What you should do: The lines in the listing below are to be given again exactly, starting at the line holding "Vintage Chanel Heart" and ending at the line holding "Adjoining the double". Do not include pictures.

Dataset records:
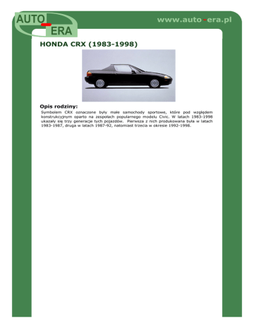 www.auto - era.pl HONDA CRX (1983-1998) Opis rodziny: Symbolem CRX oznaczone były małe samochody sportowe, które pod względem konstrukcyjnym oparto na zespołach popularnego modelu Civic. W latach 1983-1998 ukazały się trzy generacje tych pojazdów. Pierwsza z nich produkowana była w latach 1983-1987, druga w latach 1987-92, natomiast trzecia w okresie 1992-1998.
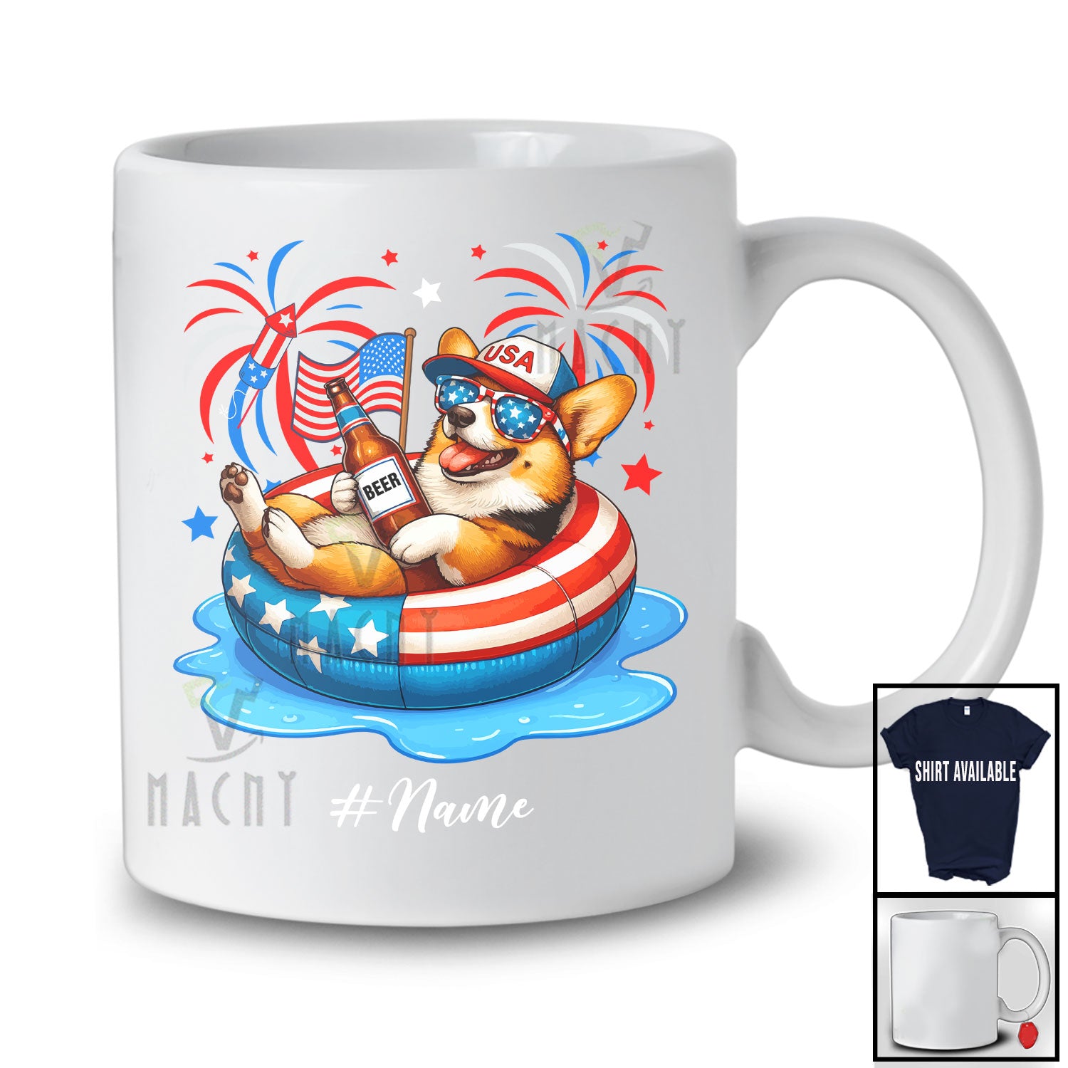 Imagine if you could be satisfied and content with your purchase. That can very much be your reality with the Personalized Custom Name Corgi Drinking On Float Beach; Joyful 4th Of July Patriotic T-Shirt.
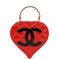 Vintage Chanel Heart Vanity Bag Red and Black Patent Antique Gold Hardware
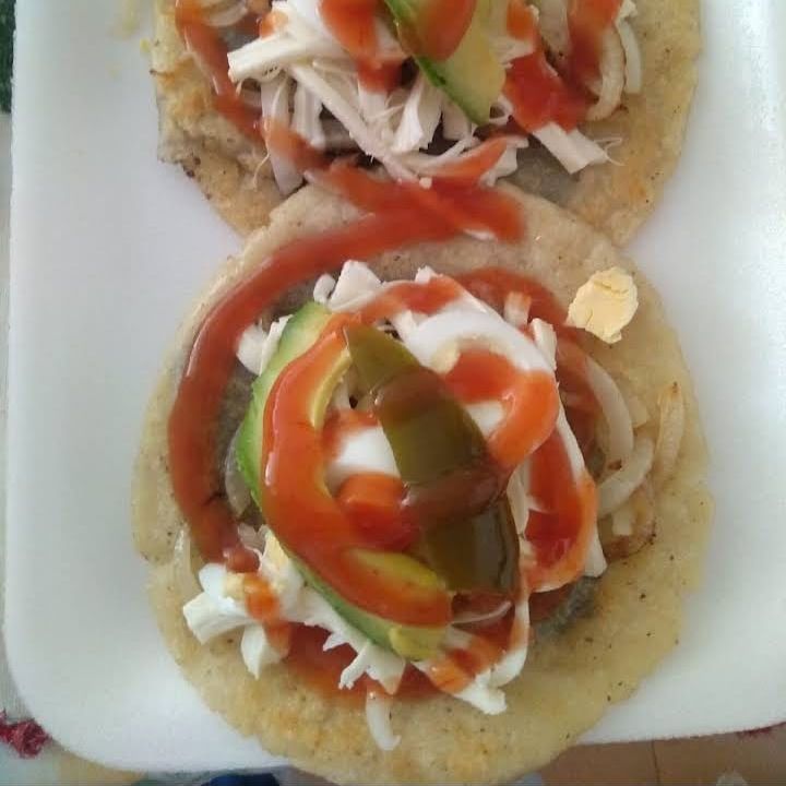 Tortilla de maíz dulce, frita e inflada, preparada con queso, crema y salsa de tu elección.
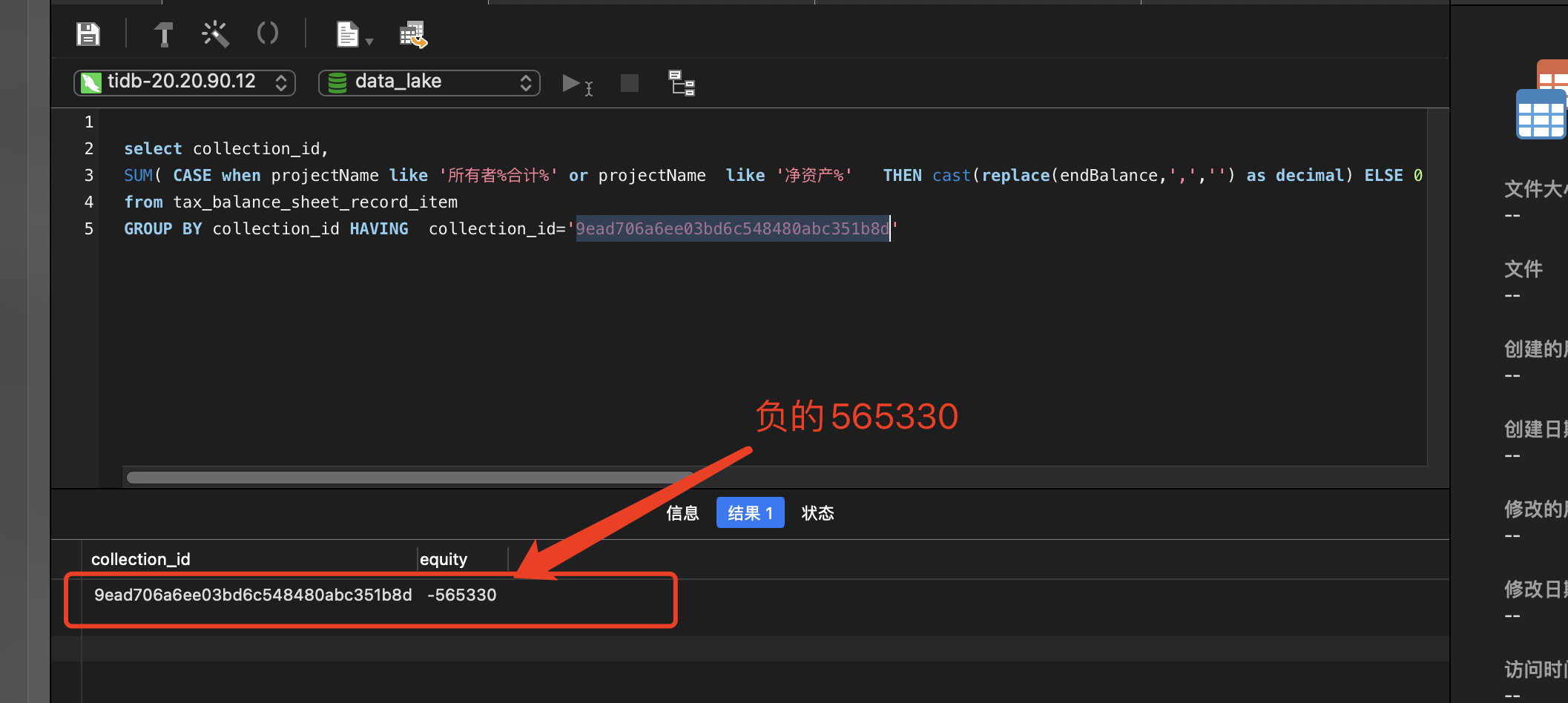| └─Projection_41 | 108652949.00 | 108644706 | batchCop[tiflash] | | tiflash_task:{time:1m48.1s, loops:1857, threads:32} | case(or(like(data_lake.tax_balance_sheet_record_item.projectname, 所有者%合计%, 92), like(data_lake.tax_balance_sheet_record_item.projectname, 净资产%, 92)), cast(replace(data_lake.tax_balance_sheet_record_item.endbalance, ,, ), decimal(10,0) BINARY), 0)->Column#19, data_lake.tax_balance_sheet_record_item.collection_id | N/A | N/A |
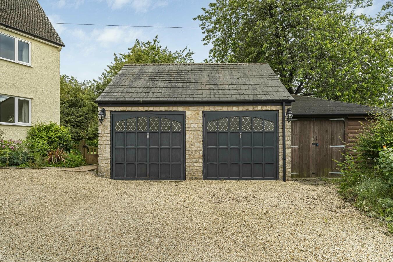 Adjoining the double garage at the front of the property is a timber-framed garage, and to the left of the property there is a carport.
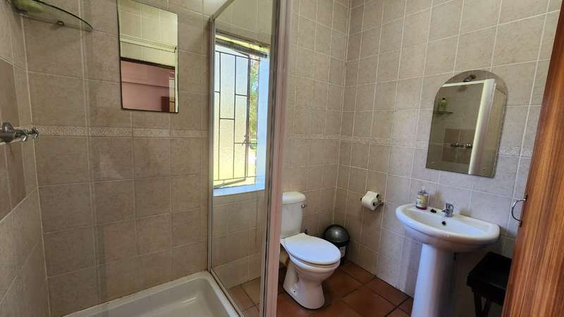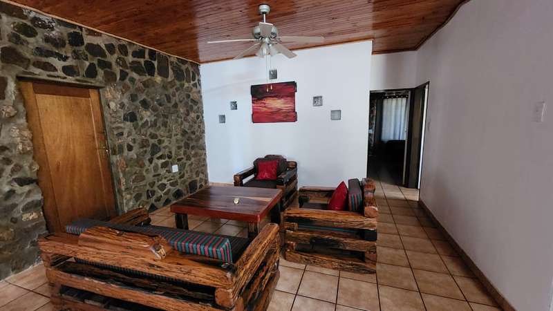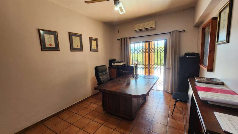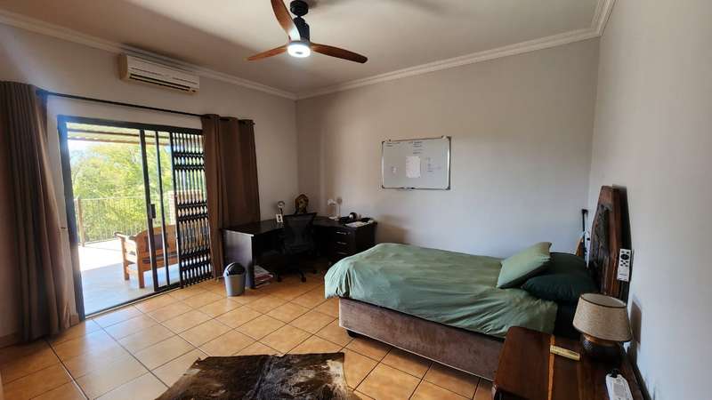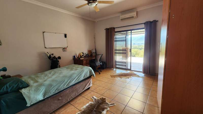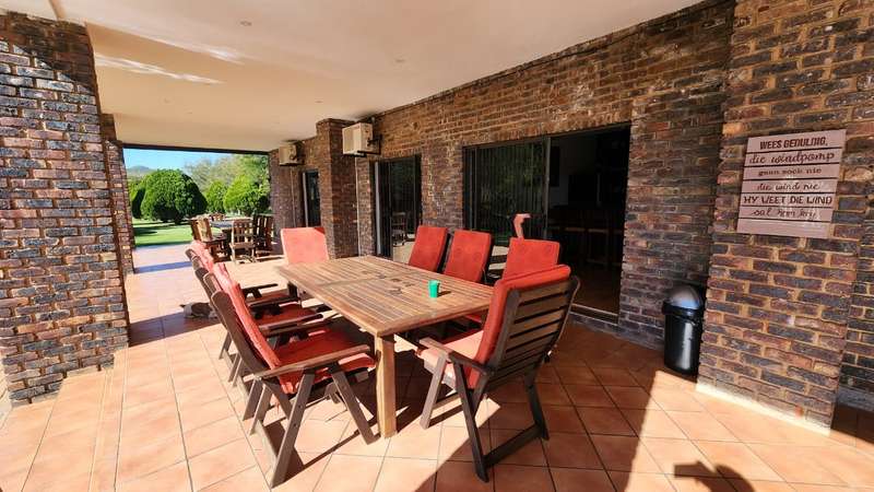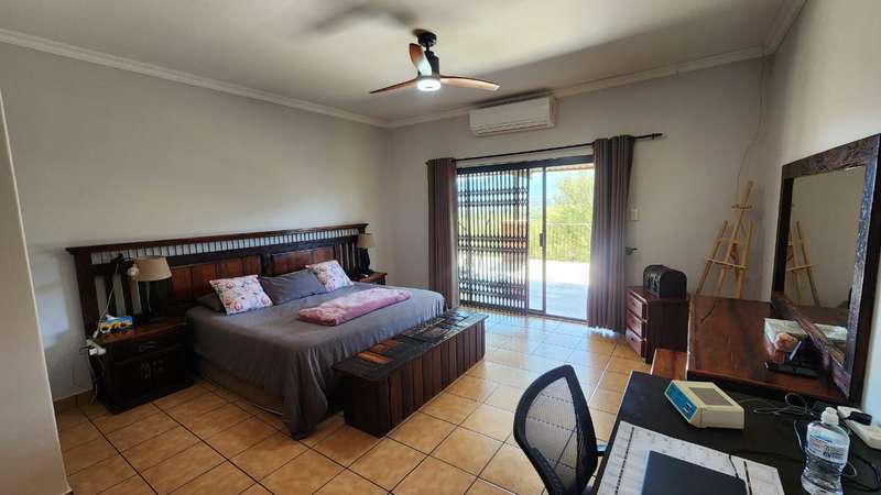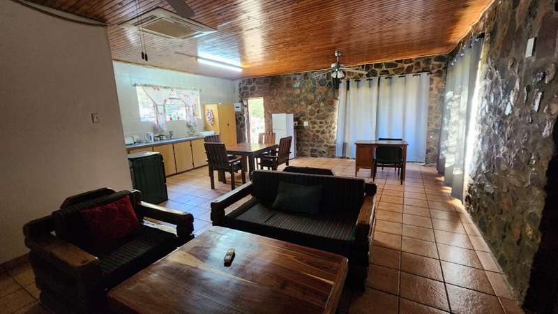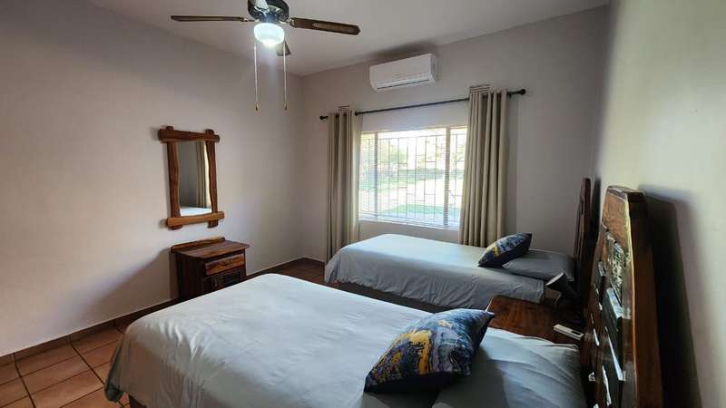 Nestled in the heart of the pristine Bushveld, just 13km from Thabazimbi, this exceptional 9.24-hectare lifestyle property blends rural elegance with modern self-sufficiency and great income potential. Main Residence – Bushveld Luxury A spacious double-storey home designed for comfort, security, and seamless indoor-outdoor living. Features include: 6 Bedrooms – Air-conditioning, built-in wardrobes, ceiling fans, and security gates 4 Bathrooms – Including 2 en-suites with both bath and shower options Open-plan living and dining areas with air-conditioning and direct patio access Stylish bar area and generous entertaining spaces Large kitchen with pantry and separate scullery Two expansive patios – perfect for soaking in mountain views and fresh Bushveld air Rooms open to patios, embracing true indoor-outdoor living Second Residence – Self-Contained Stone Cottage A fully independent 2-bedroom, 1-bathroom cottage ideal for guests, Airbnb, or rental income. Features include: Open-plan kitchen, dining, and lounge Private entrance and fenced garden for peace and privacy Outdoor Living & Natural Beauty Sparkling swimming pool with large entertainment stoep and built-in braai Immaculate, irrigated landscaped garden Cement dam and 5000L water tank by the main house Off-Grid & Secure Living 15kW Solar Power System (3 inverters) with 40kW battery backup 2 Equipped Boreholes (2000L/hr & 5000L/hr) – solar-powered (with Eskom backup) 2 Additional Unequipped Boreholes Eskom point for backup electricity Electric game fencing for security Garages & Additional Infrastructure Triple garage at the main house Double garage at the outbuildings 2 Large storage rooms 3 Labour quarters Expansive store area – ideal for tools, equipment, or business use A Rare Bushveld Lifestyle Opportunity Meticulously maintained and ready to move in, this property offers a secure, versatile, and income-generating lifestyle in one of Limpopo’s most desirable rural areas. Viewing strictly by appointment only. Contact us today to arrange a private viewing!

Expected output:
 Vintage Chanel Heart Vanity Bag Red and Black Patent Antique Gold Hardware
 Tortilla de maíz dulce, frita e inflada, preparada con queso, crema y salsa de tu elección.
| └─Projection_41 | 108652949.00 | 108644706 | batchCop[tiflash] | | tiflash_task:{time:1m48.1s, loops:1857, threads:32} | case(or(like(data_lake.tax_balance_sheet_record_item.projectname, 所有者%合计%, 92), like(data_lake.tax_balance_sheet_record_item.projectname, 净资产%, 92)), cast(replace(data_lake.tax_balance_sheet_record_item.endbalance, ,, ), decimal(10,0) BINARY), 0)->Column#19, data_lake.tax_balance_sheet_record_item.collection_id | N/A | N/A |
 Adjoining the double garage at the front of the property is a timber-framed garage, and to the left of the property there is a carport.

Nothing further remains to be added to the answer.